Published on 31 August 2018

The sponsor of Project Carlton has signed off on the initial research and endorsed that it be shared for validation with five or six interested parties.

You can get a sneak preview of the Preface in the inset within this blog.

The research plots the ministrations towards the UK payments landscape over the past 5 years of HMTreasury, the Bank of England, the Financial Conduct Authority, the Payment Systems Regulator, the Payment System Operators Delivery Group, Payments UK and their successors New Payment System Operator and UK Finance, and of a cast of hundreds – the unpaid extras acting within the Payment Strategy Forum.

This has added up to a huge weight of effort, within the context of a once in a generation opportunity.

The results have been on the very low side of reasonable expectations, out of all proportion to the investment so far, but worse is to come. In the name of innovation, choice and competition we have an agglomeration of market power into two actors – New Payment System Operator and Mastercard.

We also have a roadmap under New Payment System Operator to make all “retail” payment types interdependent within the New Payments Architecture (“NPA”) project, and to elevate the Faster Payments system in importance over the other payment systems, Faster Payments being the seedbed for the most rapidly increasing type of payment fraud – Authorised Push Payment Fraud enacted on the back of eBanking channels, be that mobile banking, remote banking or the new Open Banking.

The direction of travel is towards “push payments” (like BACS Credit, CHAPS and Faster Payments) and away from “pull payments” (like BACS Direct Debit, cheque and card), the latter having better consumer protection measures around them.

“Pull payments” are likely to be starved of investment going forward, and made to conform to the NPA model, hindering their ability to develop new feature and function, even were there investment funds available.

A core mechanism for bringing all of this about is the adoption of the ISO20022 XML data standard, despite its questionable track record in the Single Euro Payments Area as a platform for enabling innovation, and for spurring competition on any other measure than price.
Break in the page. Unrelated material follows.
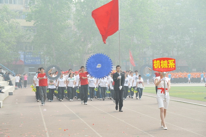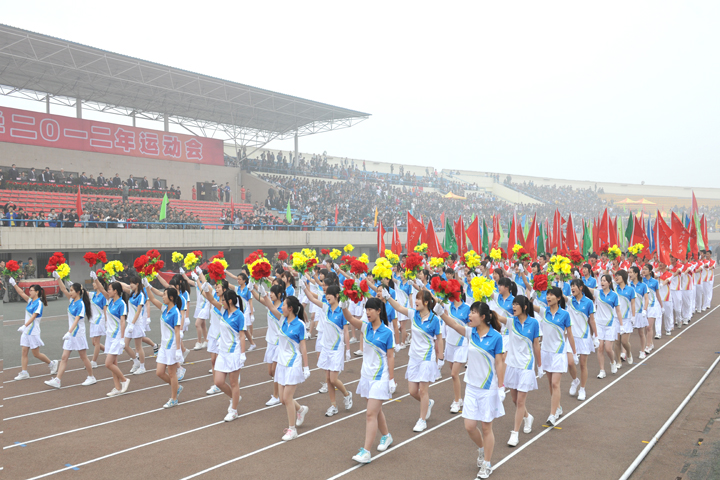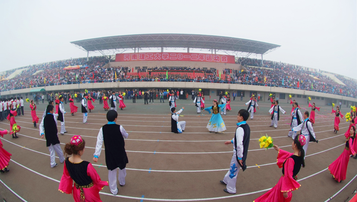 在欢乐而肃穆的氛围中,校党委书记王少安宣布:河南理工大学2012年体育节暨运动会开幕。顿时礼炮隆鸣、烟花齐放、彩旗招展、人声鼎沸,体育场成了一片欢乐的海洋。

Without revenues there can be no re-investment in resilience, or in new measures to combat emerging fraud threats.

This is the direction of travel, though, and it does not bode well for the UK economy or for the achievements of the benefits that these changes are supposed to bring about.

The projects have built up a head of steam and have strong support from the authorities. It is highly questionable whether the supertanker can be turned from within, which leaves two options – firstly to do nothing, which seems quite irresponsible. Secondly to build something either separately on a greenfield basis, or to try and wrest control of the UK’s “pull payment” systems away from NPSO and to develop them as a competitor to NPA.